Streaming generation

use Pml\Inference\{InferenceSession, Tokenizer, ModelConfig};

$tok     = Tokenizer::fromJson('models/smollm2/tokenizer.json');
$session = InferenceSession::load('models/smollm2/model.safetensors', ModelConfig::smollm2_135m());

$prompt  = "def fibonacci(n):\n";
$ids     = $tok->encode($prompt, addBos: true);

// Stream token by token
foreach ($session->generate($ids, maxNewTokens: 200, temperature: 0.7, topP: 0.9) as $tokenId) {
    if ($tokenId === $tok->eosId()) break;
    echo $tok->decode([$tokenId]);
    flush();
}

Chat interface

$response = $session->chat([
    ['role' => 'system',    'content' => 'You are a helpful assistant.'],
    ['role' => 'user',      'content' => 'What is gradient descent?'],
], maxNewTokens: 256, temperature: 0.8);

echo $response;

INT8-quantized LLM

// Load weights and quantize all Dense layers to INT8
$session = InferenceSession::load('models/llama3-8b.safetensors', ModelConfig::llama3_8b());
// $session internally uses Sequential — call quantize() on its model:
$session->getModel()->quantize(groupSize: 32);
// fp32 weights freed immediately → ~7 GB instead of ~28 GB

foreach ($session->generate($ids, maxNewTokens: 500) as $id) {
    echo $tok->decode([$id]);
}

Performance Notes

Without KV-cache

O(T²) per decode step. Unusable above ~256 tokens context. 1–3 t/s for 7B models.

With KV-cache

O(1) per decode step. 4096 token context is practical. 3–6 t/s for 7B fp32 on 8-core CPU.

KV-cache + INT8

~8–12 t/s for 7B. 7 GB total RAM (4× reduction).

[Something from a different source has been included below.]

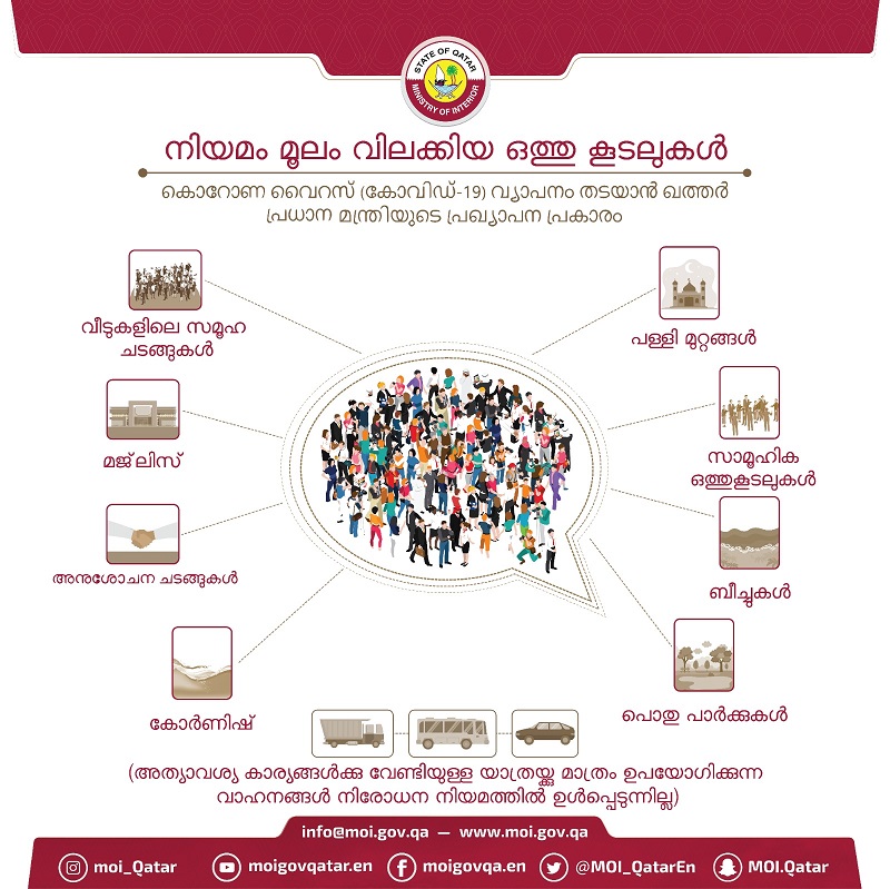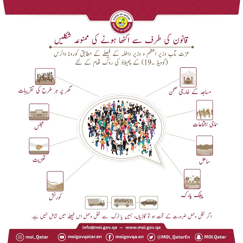 “The prohibited forms of gathering include social functions at homes, majlis, mourning, Corniche, courtyards of mosques, social gatherings, beaches and public parks,” the Ministry said.

Recommended for production.

Next step: fp16

fp16 weights + AVX-512 fp16 FMA would give another ~2× decode speedup and halve weight RAM again.

Thread tuning For decode-heavy workloads, set OPENBLAS_NUM_THREADS=1 and rely on OMP_NUM_THREADS=N for the OpenMP attention/MLP loops. BLAS thrashing on multi-thread decode is counterproductive.